| Exercise aim |
Print exactly what appears from the line containing "Featuring a fast" through the final line of the data below, pictures excluded.

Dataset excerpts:
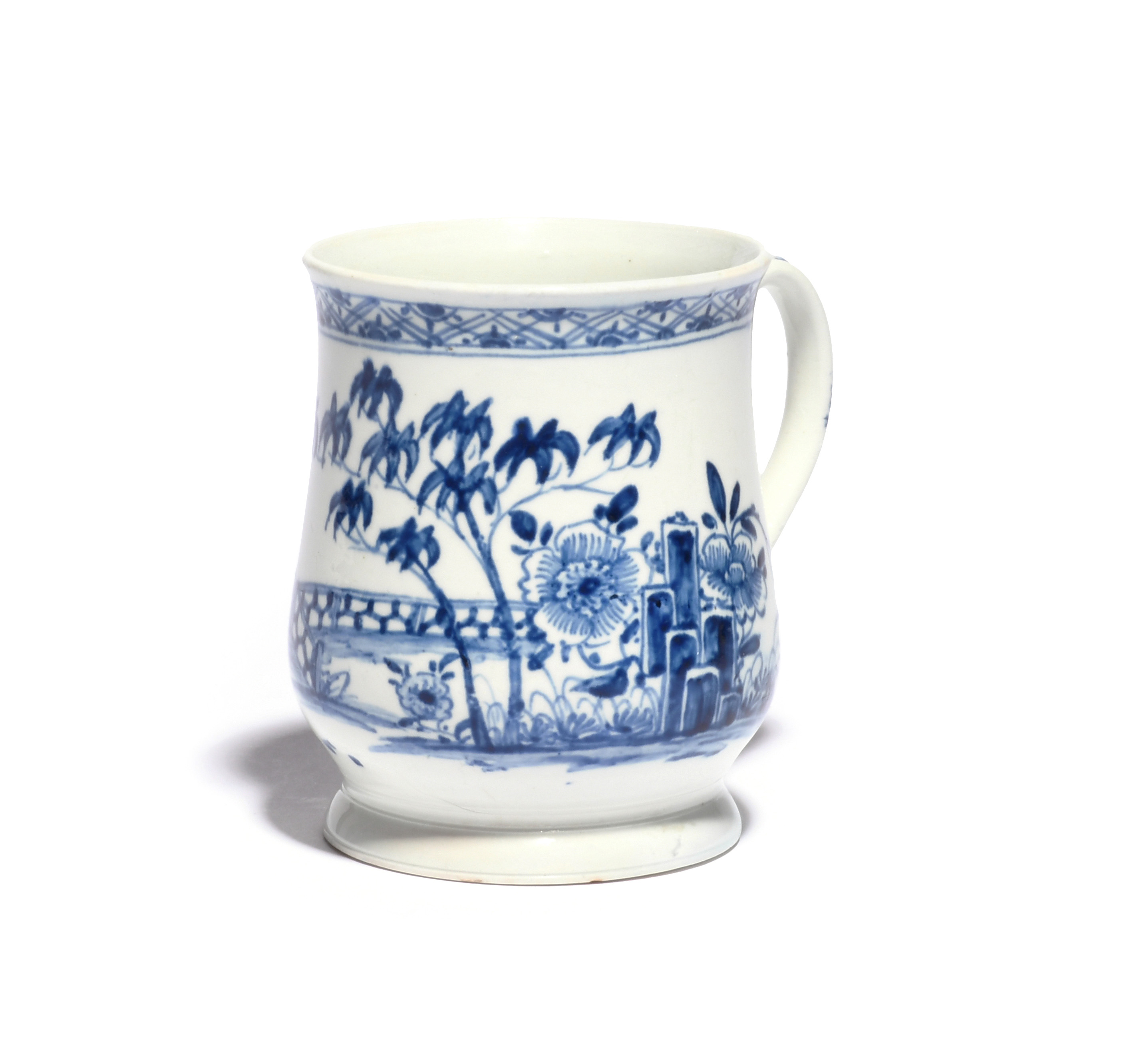 A Vauxhall blue and white mug c.1756-58, the squat baluster form painted with bamboo and flowering peony beside jagged rockwork and a low ornamental fence, with a trellis border to the rim, a foliate motif to the grooved strap handle, a small filled rim chip, 9cm.
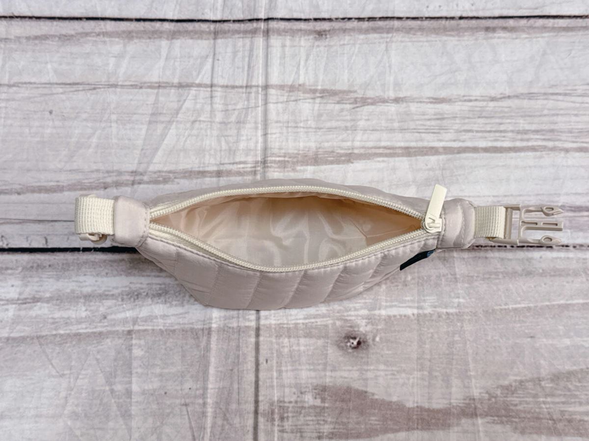 ポーチチャームの素材はポリエステル。上品な光沢感がある生地です。ダウンジャケット調の中綿入りの生地で、ふっくら感が◎。
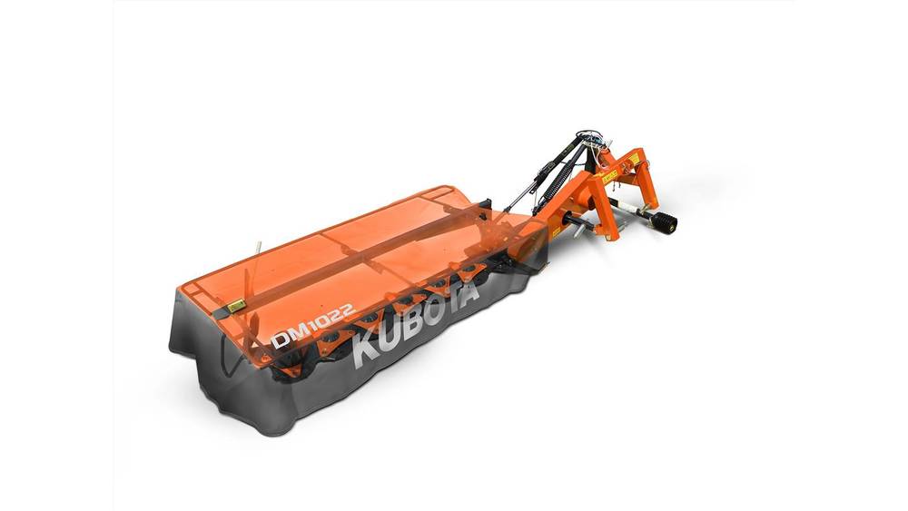 Featuring a fast lift and vertical transport mode, the Kubota DM1022 Disc Mower brings you ease of use and operation. A required minimum of 42 PTO horsepower is necessary to make ample use of the disc mower. Cutting is precise with three counter rotating discs and a 7’ 2” working width. The spring-loaded breakaway swings back when it comes in contact with an obstacle, protecting the cutter bar and ensuring your disc mower will last you for seasons and seasons to come.
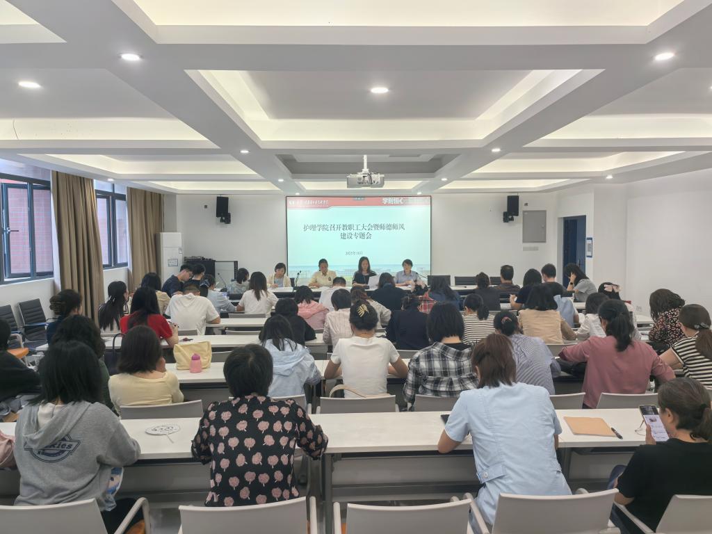 为深入学习贯彻党的教育方针,全面落实立德树人根本任务,进一步加强和改进新时代师德师风建设,提升教师队伍思想政治素质和职业道德水平,10月14日下午,护理学院在315会议室召开全体教职工大会暨师德师风建设专题会。会议由学院专职副书记覃艳主持。
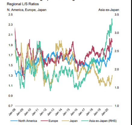 多空对冲基金经理通常会选择单个股票,而不是进行广泛的市场押注。摩根士丹利表示,他们最新的看涨立场部分是由空头回补推动的,该过程减少了看跌押注。净杠杆是衡量行业风险偏好的一种指标,考虑了多对空,上个月该指标达到了两年来的最高水平。
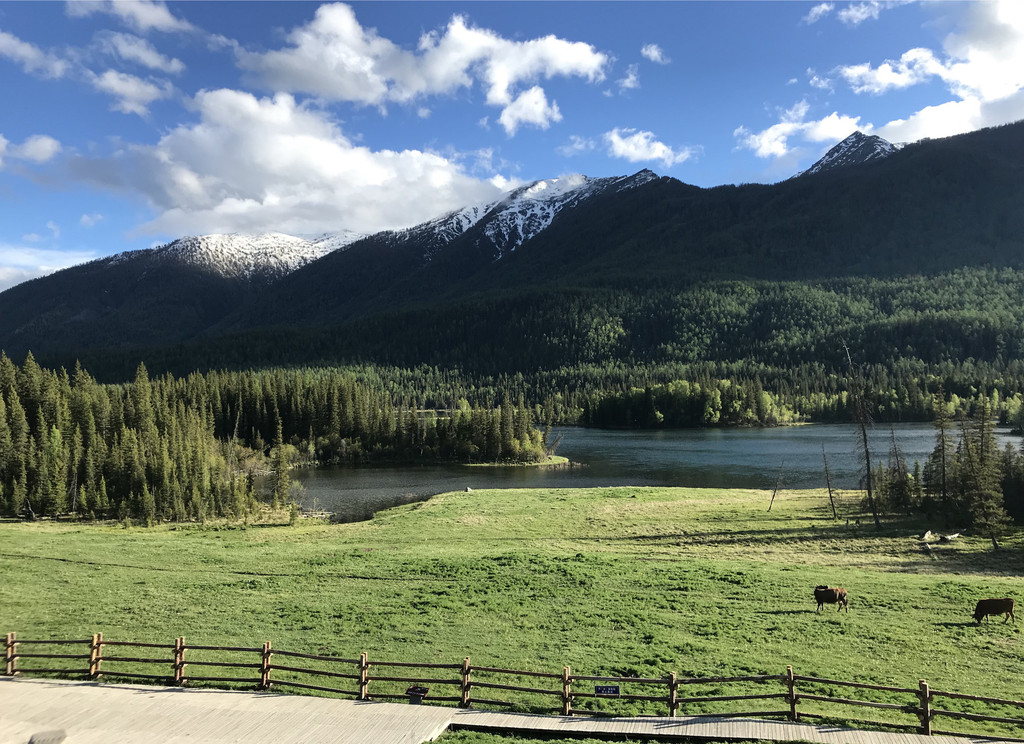 白云长袖善舞,裙摆映白了雪山,碧水青山相依,奏一曲千古缠绵。。还有比这更醉人的风景吗?就连在河滩上安静吃草的牛群,也完美得像似上苍的有意安排,这位上苍一定才华横溢,所有的景致都恰到好处,不多不少。

| Output below |
 Featuring a fast lift and vertical transport mode, the Kubota DM1022 Disc Mower brings you ease of use and operation. A required minimum of 42 PTO horsepower is necessary to make ample use of the disc mower. Cutting is precise with three counter rotating discs and a 7’ 2” working width. The spring-loaded breakaway swings back when it comes in contact with an obstacle, protecting the cutter bar and ensuring your disc mower will last you for seasons and seasons to come.
 为深入学习贯彻党的教育方针,全面落实立德树人根本任务,进一步加强和改进新时代师德师风建设,提升教师队伍思想政治素质和职业道德水平,10月14日下午,护理学院在315会议室召开全体教职工大会暨师德师风建设专题会。会议由学院专职副书记覃艳主持。
 多空对冲基金经理通常会选择单个股票,而不是进行广泛的市场押注。摩根士丹利表示,他们最新的看涨立场部分是由空头回补推动的,该过程减少了看跌押注。净杠杆是衡量行业风险偏好的一种指标,考虑了多对空,上个月该指标达到了两年来的最高水平。
 白云长袖善舞,裙摆映白了雪山,碧水青山相依,奏一曲千古缠绵。。还有比这更醉人的风景吗?就连在河滩上安静吃草的牛群,也完美得像似上苍的有意安排,这位上苍一定才华横溢,所有的景致都恰到好处,不多不少。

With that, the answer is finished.